Elisa cresce bella e buona e, quando compie 15 anni, il re suo padre chiede di vederla. La matrigna, allora, le prepara un bagno e nasconde nell’acqua tre rospi avvelenati, che dovrebbero trasformarla in un essere brutto e malvagio. A causa della sua bontà, però, il maleficio fallisce e i rospi vengono trasformati in tre papaveri rossi. La matrigna, furiosa, tinge il viso di Elisa, la veste di stracci e le scompiglia i capelli cosicché il re, vedendola, ne sia inorridito e la scacci dal castello.

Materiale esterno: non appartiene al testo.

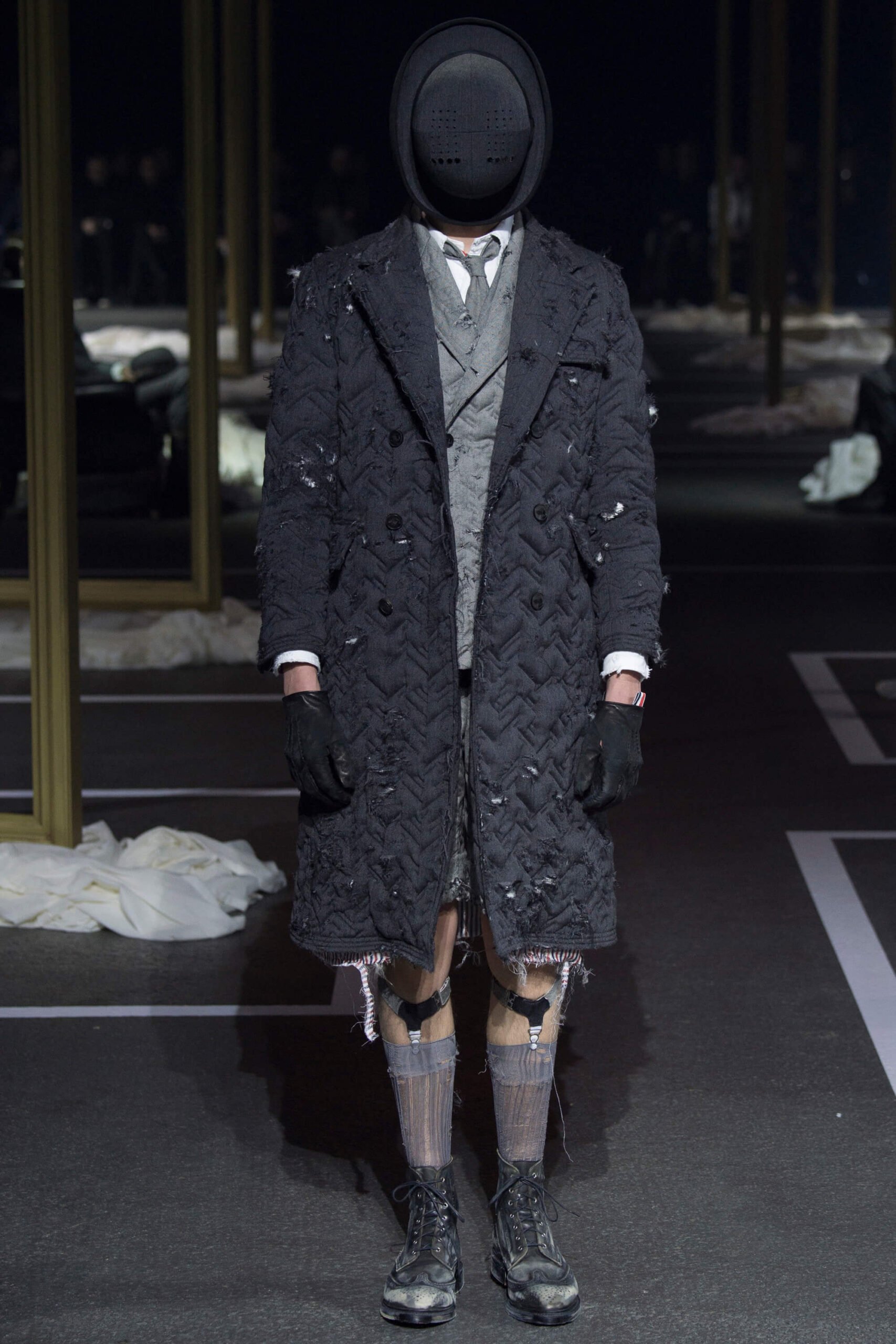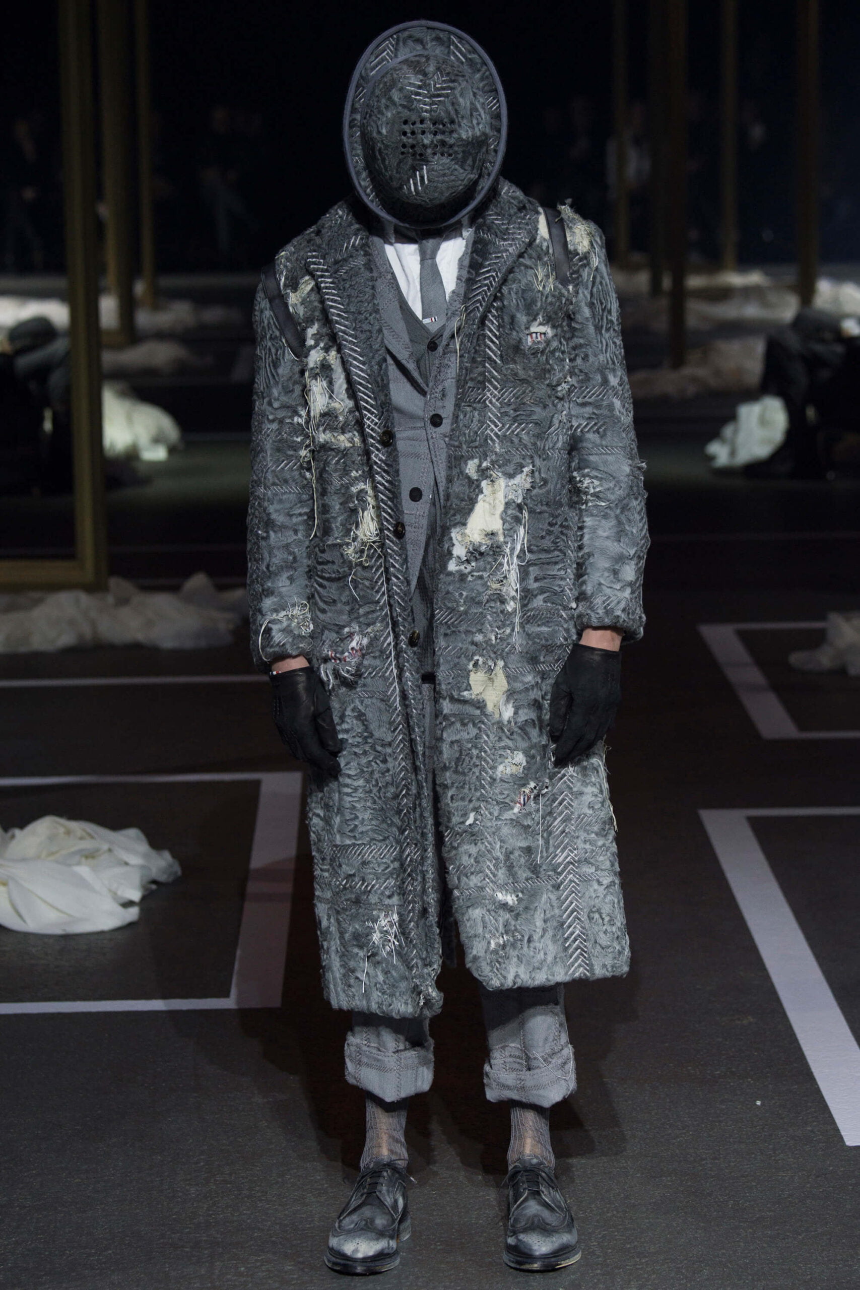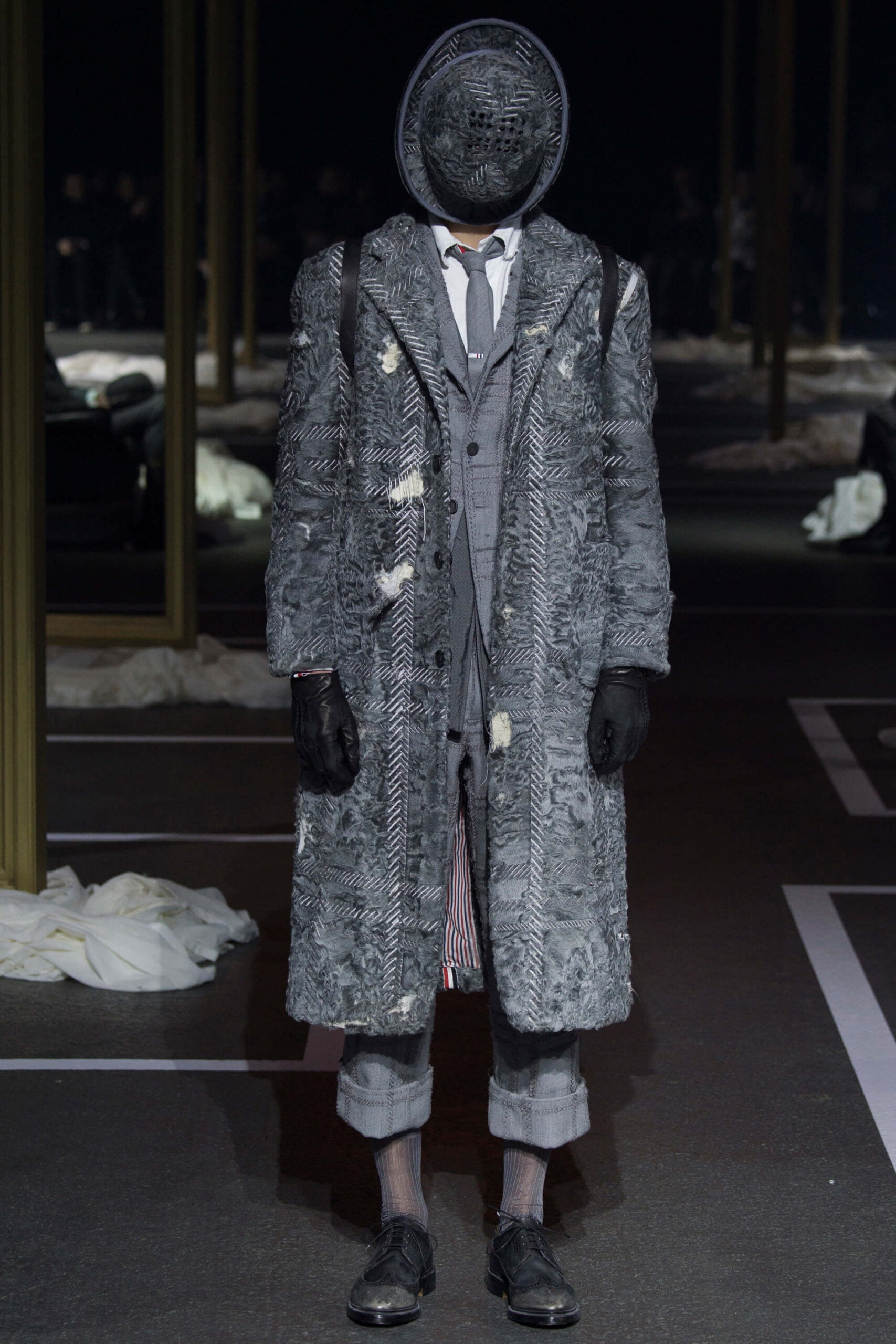 A besuited dour duo yanked dust sheets off regency gilt frames, armchairs and a crystal chandelier as the opening act to a Thom Browne show that took memory as its central theme. We don’t mean the “Cats” soundtrack, mercifully, but the idea of men harking back ultimate their youth and remembering sartorial days past. What that meant was each outfit in trip, unraveling backwards from raggedy man, through slightly scuffed, to box-fresh. Most designers have been going the other way, pulling apart. It’s typical of Browne’s perversity that he’d want to reconstruct as everyone else deconstructs.

Elisa vaga da diversi giorni per il bosco, dove incontra una vecchietta che le parla di undici cigni selvatici con la corona d’oro, che si vedono nel fiume lì vicino. Elisa segue il fiume e arriva al mare. Sul far della sera arrivano in volo gli undici cigni, che si ritrasformano nei suoi fratelli. I fratelli le raccontano dell’incantesimo che li rende cigni di giorno e uomini di notte, della loro vita al di là del mare, e del lungo e pericoloso viaggio che intraprendono una volta all’anno per tornare nella loro terra natale. Propongono ad Elisa di viaggiare con loro nella terra lontana, ed Elisa accetta con gioia. Durante il viaggio sopra le onde, Elisa intravede il grande castello di nebbia della fata Morgana, dove nessun essere umano può porre piede. Una volta giunti nella terra al di là del mare, Elisa si rifugia in una grotta e sogna la fata Morgana che le spiega come poter salvare i fratelli: deve raccogliere a mani nude le ortiche accanto alla grotta, oppure nel cimitero, pestarle a piedi nudi e tesserle in undici tuniche da far indossare ai fratelli; per tutto il tempo non deve dire una parola, pena la loro morte.